Learning a foreign language as an adult can be a nightmare. I should know. I've done it a couple of times.
Amsterdam has one particularly difficult moat to swim: the overly-good mastery of English of just about everyone in the city, except the poor expats desperately trying to learn the language. They won't let you speak Dutch here if there's the slightest whiff of uncertainty. Like wolves, the locals smell fear and pounce on any chance to showcase their English language skills.
I'm glad I kicked off my Dutch experience in Rotterdam. By the time I got here, my Dutch was good enough to apply the hammer and tongs technique. Named after the joke bridge bidding method. I'd say something in Dutch, and get a reply in English, I'd continue in Dutch, English reply back . . . and so on, until eventually they spoke Dutch. It often took a while.
Given my natural level of torpor, I'm shocked I could be arsed to go through with it*.
The accent, though. I've never quite cracked that. My inability to properly pronounce the name of the street I live on, never fails to amuse Mikey. Mister bloody parrot. He can pass for Dutch. Bastard.
I can remember my Mum drilling me in the pronunciation of the "th" sound in the word "the" when I was a child. I must have got it right eventually, because she stopped correcting me.
Correcting an adult is impolite. No matter how bad their grammar or pronunciation. So no-one's sat me down and made me pronounce the rolling "R" sound until got it right. As a result, I struggle to make taxi drivers understand my address. It's a curse.
It may have seemed a little harsh when I pulled up Mark Dredge about a point of beer history. I should have been milder in my words. But I swear by the principle.
Sometimes you need correction to improve.
I reserve my right to correct**.
* I often can't any more.
** When I've evidence to back me up.
This happens to me in Quebec, even a simple "Bonjour" to a stranger, along the street perhaps, is always returned by a "Hello"

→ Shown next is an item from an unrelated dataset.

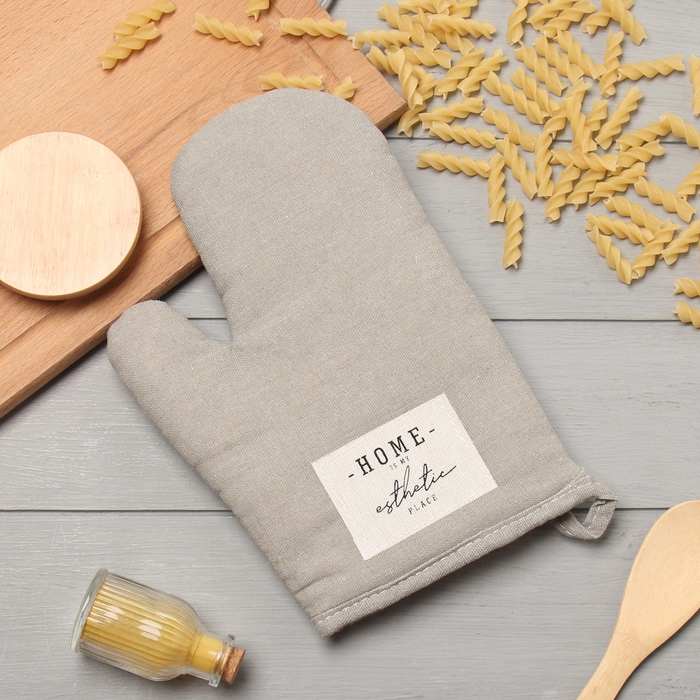 Варежка Этель "HOME", цвет серый, 26х16 см, 50%хл, 50%лен

ReplyDeleteArctic, I was surprised that when I was in Canada, people kept speaking to me in French. Wasn't even in Quebec, but a French-speaking part of Ontario.

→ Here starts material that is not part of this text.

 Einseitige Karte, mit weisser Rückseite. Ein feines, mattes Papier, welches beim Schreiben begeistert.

ReplyDeleteThere is an additional layer of complexity in French Canada, in that people sometimes wish to continue in their own language, whether French or English, because they live there, and assume they should be able to speak their mother tongue, so you can get a kind of natural "conflict" sometimes. Almost always though it is resolved in some mutually acceptable way, sometimes by one speaking English and the other French but they still understand the other, or probably more commonly by Francophones speaking English because in the mixed areas generally their level of bilingualism has been higher than that of the English-speakers, or that is my experience at any rate.

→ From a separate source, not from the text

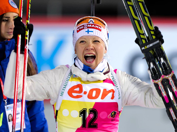 March 15, 2014 (Kontiolahti, Finland) – American Susan Dunklee posted a strong eighth-place finish in today’s 7.5km sprint in Kontiolahti with one penalty at 35.7 seconds behind winner and local hero, Kaisa Makarainen, also with one penalty and a final time of 20:53.6. The Finnish star is on a roll with back-to-back victories.

ReplyDeleteUsually it is all worked out in a courteous way.
Gary
I agree Gary, and I must say, in Canada either Quebec or Ontario, people are extremely friendly if they are given respect regardless of language differences...and sharing a beer together is helpful too !
ReplyDeleteIt is good to hear that from a visitor to Quebec. And not to say that language tensions are not omnipresent, they are at the political level, but I never felt this to be so at the personal level in Quebec. I think as you say, A.A., a lot depends on the amount of goodwill shown.
ReplyDeleteI have heard that Brussels has similar issues (Flemish-French) and perhaps they are resolved in a similar way: certainly the fine beer and gastronomy culture will help and as you said it does in Quebec too.
Gary
Ron:
ReplyDeleteRepeat until you get it right: "Ronde van Vlaanderen"
That should help fix your rolling R's :)
Somehow those 'r's are easier in Dutch than Spanish... perhaps it's from growing up a few years on the German/Dutch border.
As a Brit ex-pat living in the US, with the typically poor grammar school French most of us are armed with, I well recall my first visit to Quebec years ago. My one and only attempt to speak to the natives was in a sandwich shop. In response to the young lady behind the counter's "Bonjour" I merely said "Bonjour, comment ca va?" ... to which she replied in perfect English "Oh, you are British!" How the hell she could tell that from so short a phrase still amazes me. So much for trying to pass as a native!